Montag, 14. September 2020

Das Gegenteil von Leergut ist Vollschlecht

Wir wissen ja auch, dass so einiges voll schlecht läuft im Moment - aber zumindest geht es uns gut genug, um uns über Kleinigkeiten aufzuregen, zumal die Schattenseiten der EU aktuell noch immer auf der griechischen Insel Lesbos zu finden sind, so dass unsere satte Gesellschaft sie einfach ausblenden kann. Zumindest jetzt noch - aber ewig wird das nicht so weitergehen können.

Ich habe ja kürzlich darüber geschrieben, dass der allgemeine Konsens, dass Rechtsextremismus und Faschismus nichts Positives sind, heute nicht mehr vorherrscht. Häufig wird auch damit abgelenkt, dass Linksextremismus ja angeblich genauso schlimm ist, oder man heult, weil irgendjemand die Nazi-Keule auspackt, selbst wenn das eigentlich gar nicht der Fall ist. Nun - ich finde den inflationären Gebrauch des Wortes "Nazi" auch unangebracht, schon allein deshalb, weil er das Wort verharmlost. Andererseits frage ich mich, was man erwartet, wenn man Leuten, die eine solche Gesinnung vertreten, nach dem Mund redet, weil "man das ja wohl noch mal sagen wird dürfen". Frei nach dem altbekannten chinesischen Spruch: Wir leben in interessanten Zeiten. Der amerikanische Traum wird zum Alptraum, während der europäische Traum verbrennt.

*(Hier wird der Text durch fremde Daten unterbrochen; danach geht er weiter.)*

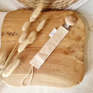 - Un attache-sucette en velours côtelé beige, faite main, avec clip en bois naturel pour fixer facilement la tétine aux vêtements ou au bavoir. Pratique, élégante et douce, elle évite les pertes tout en ajoutant une touche raffinée au quotidien de bébé.

Nun, so naiv, zu glauben, dass der nationalsozialistische Gedanke mit dem Ende der Nazidiktatur vollständig verschwunden ist, ist wohl keiner. Der Nationalsozialismus starb 1945, aber die Ideen sind nicht untergegangen und leben bis heute weiter. Sowohl in Deutschland als auch in Österreich erfolgte nach Ende des Zweiten Weltkriegs die Entnazifizierung, doch im Gegensatz zu unserem Nachbarland haben wir erst sehr viel später mit der ideologischen Aufarbeitung begonnen. Bei uns suhlte man sich sehr lange in der Opferrolle, indem man so tat, als sei man von den sehr bösen Deutschen dazu gezwungen worden, sich an den NS-Verbrechen zu beteiligen. Vielleicht ist das auch der Grund, warum Altnazis bei uns so schnell wieder in hohe politische Positionen aufsteigen konnten und es auch an den Universitäten noch lange nach 1945 rechtsextreme Tendenzen gab. 1949 wurden Sympathisanten und Funktionsträger des österreichischen NS-Regimes im Verband der Unabhängigen (VdU) zusammengefasst, aus dessen Zersplitterung 1956 die Freiheitliche Partei Österreichs (FPÖ) hervorging.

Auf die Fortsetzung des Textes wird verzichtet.